*** Begin section ***

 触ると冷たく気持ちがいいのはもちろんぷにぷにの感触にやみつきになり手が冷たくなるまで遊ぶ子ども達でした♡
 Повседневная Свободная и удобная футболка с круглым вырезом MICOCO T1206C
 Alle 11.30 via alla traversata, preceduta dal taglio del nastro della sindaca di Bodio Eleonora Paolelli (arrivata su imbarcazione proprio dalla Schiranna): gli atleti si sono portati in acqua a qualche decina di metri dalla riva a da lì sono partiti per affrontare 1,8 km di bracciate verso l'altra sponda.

*** End section ***
*** Begin section ***

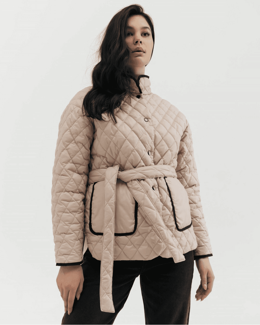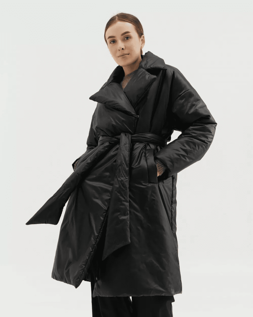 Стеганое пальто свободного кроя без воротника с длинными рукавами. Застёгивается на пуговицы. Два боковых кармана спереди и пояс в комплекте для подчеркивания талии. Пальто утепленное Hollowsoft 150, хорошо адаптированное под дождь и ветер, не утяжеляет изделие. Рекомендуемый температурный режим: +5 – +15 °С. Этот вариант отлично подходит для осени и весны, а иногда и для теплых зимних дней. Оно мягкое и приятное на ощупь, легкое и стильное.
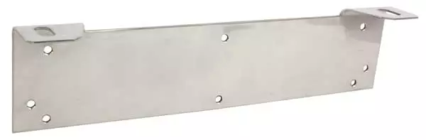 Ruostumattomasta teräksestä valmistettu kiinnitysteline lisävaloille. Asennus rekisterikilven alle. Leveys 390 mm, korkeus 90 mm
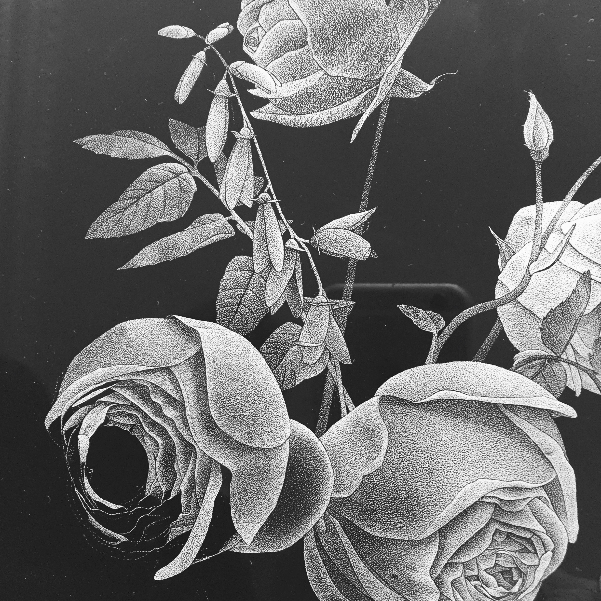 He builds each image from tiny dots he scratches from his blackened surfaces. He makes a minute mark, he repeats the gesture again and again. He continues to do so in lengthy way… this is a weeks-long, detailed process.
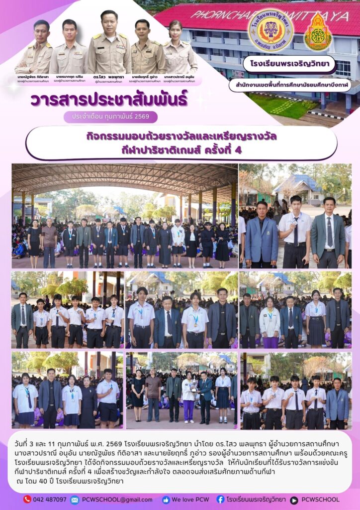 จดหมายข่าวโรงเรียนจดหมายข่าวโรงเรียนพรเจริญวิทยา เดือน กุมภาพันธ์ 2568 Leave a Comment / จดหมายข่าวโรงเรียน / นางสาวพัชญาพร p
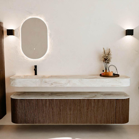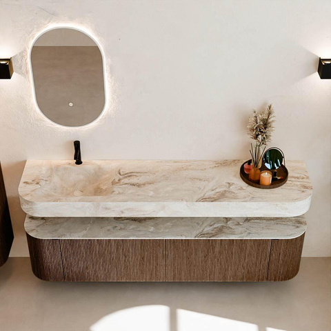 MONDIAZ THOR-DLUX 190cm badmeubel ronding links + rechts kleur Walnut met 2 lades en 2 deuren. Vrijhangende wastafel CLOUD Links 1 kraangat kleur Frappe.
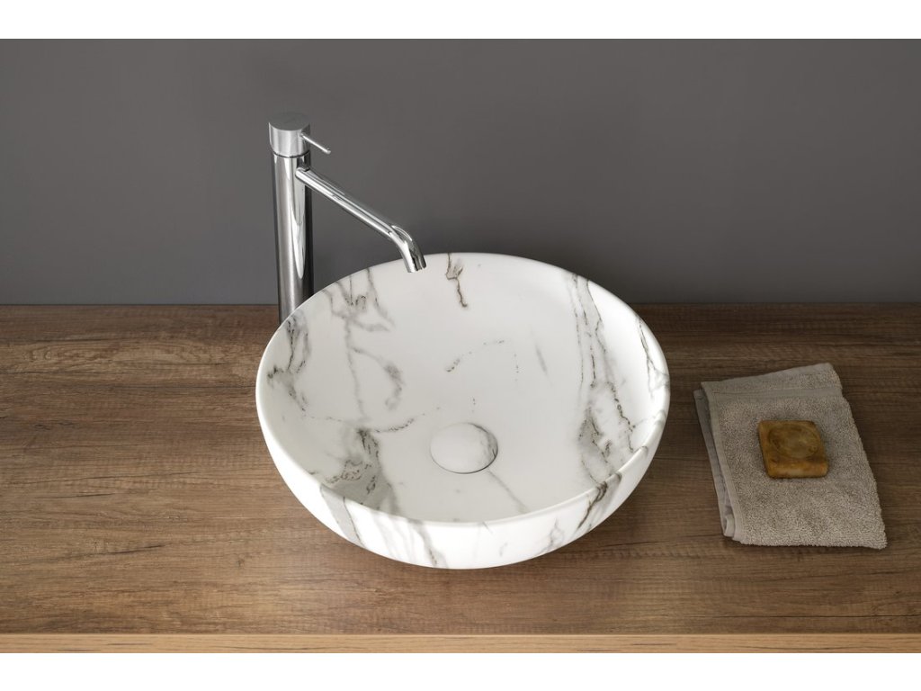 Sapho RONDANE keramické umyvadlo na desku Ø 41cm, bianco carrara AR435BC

*** End section ***

* Assigned task
Set down, unchanged, only those lines above that fall between the line with "Повседневная Свободная и" and the line with "Alle 11.30 via", the two end lines included.

* Output
 Повседневная Свободная и удобная футболка с круглым вырезом MICOCO T1206C
 Alle 11.30 via alla traversata, preceduta dal taglio del nastro della sindaca di Bodio Eleonora Paolelli (arrivata su imbarcazione proprio dalla Schiranna): gli atleti si sono portati in acqua a qualche decina di metri dalla riva a da lì sono partiti per affrontare 1,8 km di bracciate verso l'altra sponda.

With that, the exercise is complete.